A Nextflow/R/groovy pipeline for carrying out the "undercover gRNA" negative control calibration assessment on a user-specified collection of methods and datasets.

Example usage

Git clone this repository.

git clone https://github.com/Katsevich-Lab/undercover-gRNA-pipeline.git

Change directories into undercover-gRNA-pipeline and execute the pipeline via bash example_invoke.sh.

API

We break the API of the pipeline down into several parts: pipeline input, pipeline output, data format, and method API.

1. Pipeline input

The pipeline takes several required inputs: a data_file, a data_method_pair_file, and a result_dir.

i. data_file

The data_file is an R file specifying the file paths of datasets to be used in the analysis. The data_file should have the following format (taken from data_file.R in the example):

papalexi_offsite <- .get_config_path("LOCAL_PAPALEXI_2021_DATA_DIR")
schraivogel_offsite <- .get_config_path("LOCAL_SCHRAIVOGEL_2020_DATA_DIR")

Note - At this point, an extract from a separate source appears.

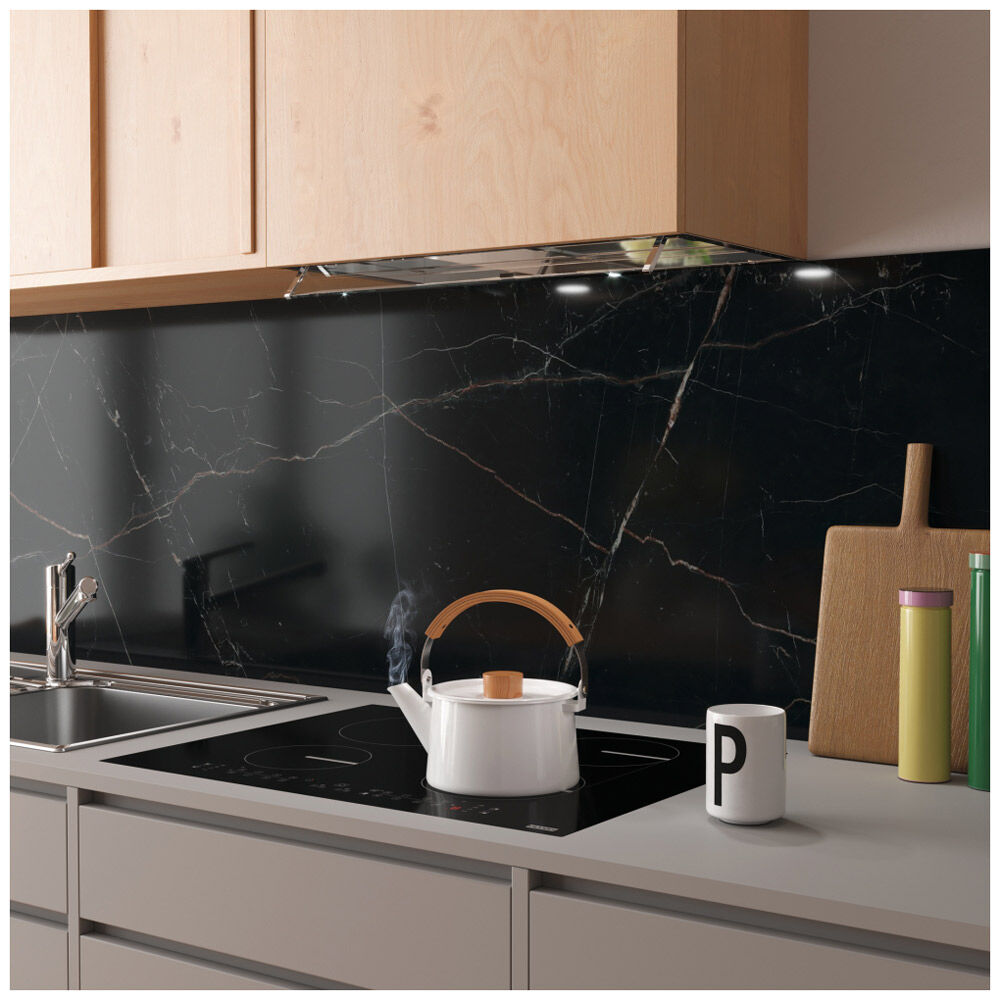 - Стеклокерамическая поверхность – премиальное чёрное стекло, устойчивое к царапинам, ударам и перепадам температур. Эффектный внешний вид и лёгкость в уходе.
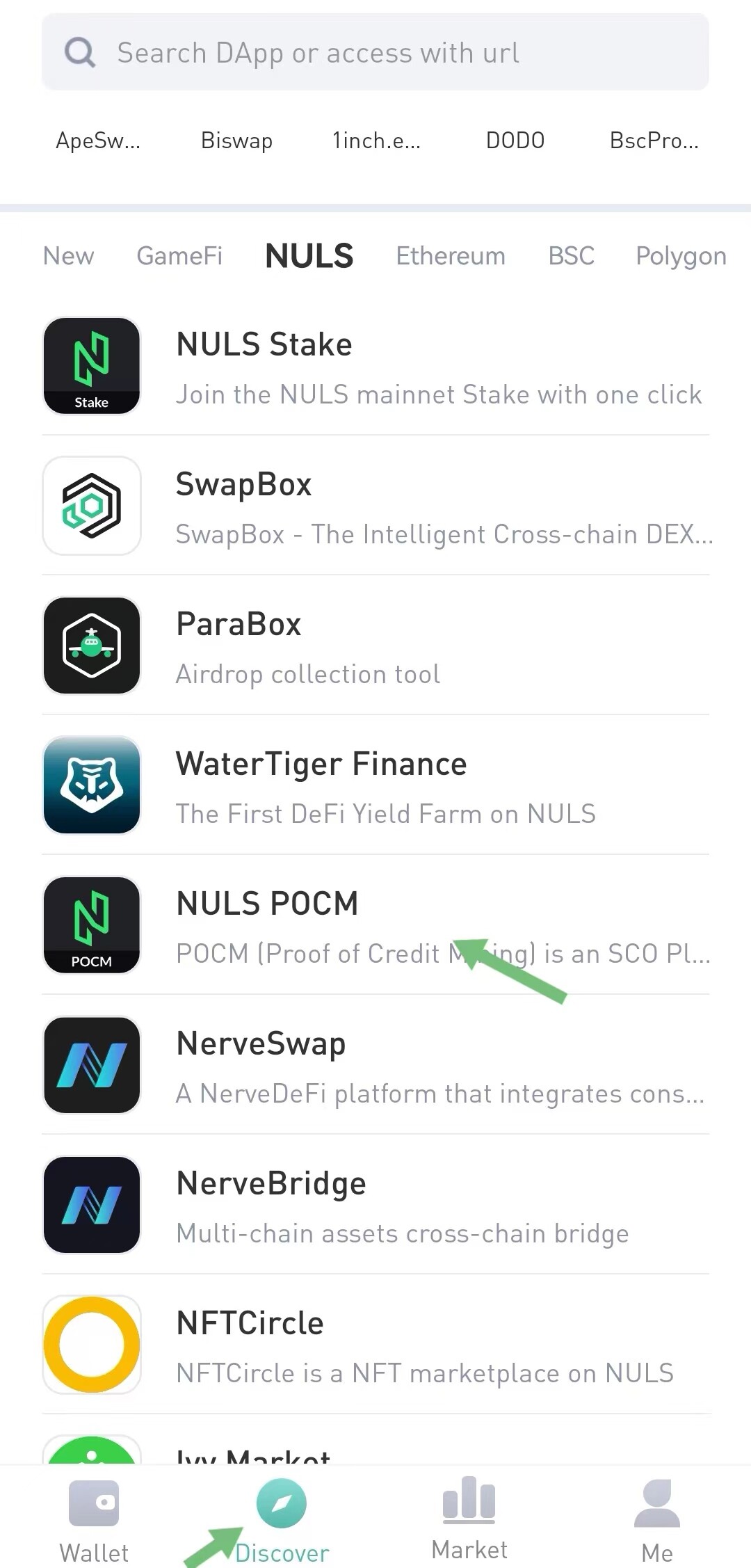 Click “Discover” to search for NULS POCM DApp

# create a list; each element of the list contains:
# (i) response_odm_fp,
# (ii) response_metadata_fp,
# (iii) gRNA_odm_fp,
# (iv) gRNA_metadata_fp

data_list <- list(
  # Papalexi gene modality
  papalexi_gene = c(response_odm_fp = paste0(papalexi_offsite,
    "processed/gene/expression_matrix.odm"),
                    response_metadata_fp = paste0(papalexi_offsite,
                      "processed/gene/metadata.rds"),
                    gRNA_odm_fp = paste0(papalexi_offsite,
                      "processed/gRNA/count_matrix.odm"),
                    gRNA_metadata_fp = paste0(papalexi_offsite,
                      "processed/gRNA/metadata.rds")),

  # Schraivogel TAP-seq
  schraivogel_tap = c(response_odm_fp = paste0(schraivogel_offsite,
    "processed/ground_truth_tapseq/gene/expression_matrix.odm"),
                      response_metadata_fp = paste0(schraivogel_offsite,
                        "processed/ground_truth_tapseq/gene/metadata.rds"),
                      gRNA_odm_fp = paste0(schraivogel_offsite,
                        "processed/ground_truth_tapseq/gRNA/raw_ungrouped.odm"),
                      gRNA_metadata_fp = paste0(schraivogel_offsite,
                        "processed/ground_truth_tapseq/gRNA/raw_ungrouped_metadata.rds")),

  # Schraivogel Perturb-seq
  schraivogel_perturb = c(response_odm_fp = paste0(schraivogel_offsite,
    "processed/ground_truth_perturbseq/gene/expression_matrix.odm"),
                          response_metadata_fp = paste0(schraivogel_offsite,
                            "processed/ground_truth_perturbseq/gene/metadata.rds"),
                          gRNA_odm_fp = paste0(schraivogel_offsite,
                            "processed/ground_truth_perturbseq/gRNA/raw_ungrouped.odm"),
                          gRNA_metadata_fp = paste0(schraivogel_offsite,
                            "processed/ground_truth_perturbseq/gRNA/raw_ungrouped_metadata.rds"))
)

A named list called data_list should be defined, with the names corresponding to different datasets (in the above example, "papalexi_gene", "schraivogel_tap", and "schraivogel_perturb"). Each entry of the named list should be a named character vector with the following entries: "response_odm_fp" (file path to the backing .odm file of the response matrix), "response_metadata_fp" (file path to the metadata.rds file of the response matrix), "gRNA_odm_fp" (file path to the backing .odm file of the gRNA matrix), and "gRNA_metadata_fp" (file path to the metadata.rds file of gRNA matrix). We call the .get_config_path function to specify full file paths in a portable way, but this is not strictly speaking necessary; all that is required is that the specified files be available on the machine on which the pipeline is being run.

ii. data_method_pair_file

The data_method_pair_file is a groovy file specifying the methods to evaluate on each dataset. The data_method_pair_file should have the following format (taken from data_method_pair_file.groovy in the example):

data_method_pairs = [schraivogel_tap: ["schraivogel_method", "seurat_de"],
                     papalexi_gene: ["seurat_de"]]

data_method_pairs is a groovy map, i.e. a set of key-value pairs. The keys should be the names of datasets to analyze (in the above example, "schraivogel_tap" and "papalexi_gene") and must be a (possibly proper) subset of the datasets defined in data_file. The value for a given key (i.e., dataset) should be a string array giving the methods to evaluate on that dataset. In the above example we specify to the pipeline to evaluate "schraivogel_method" and "seurat_de" on "schraivogel_tap" and "seurat_de" on "papalexi_gene".

iii. result_dir

The directory in which to store the results.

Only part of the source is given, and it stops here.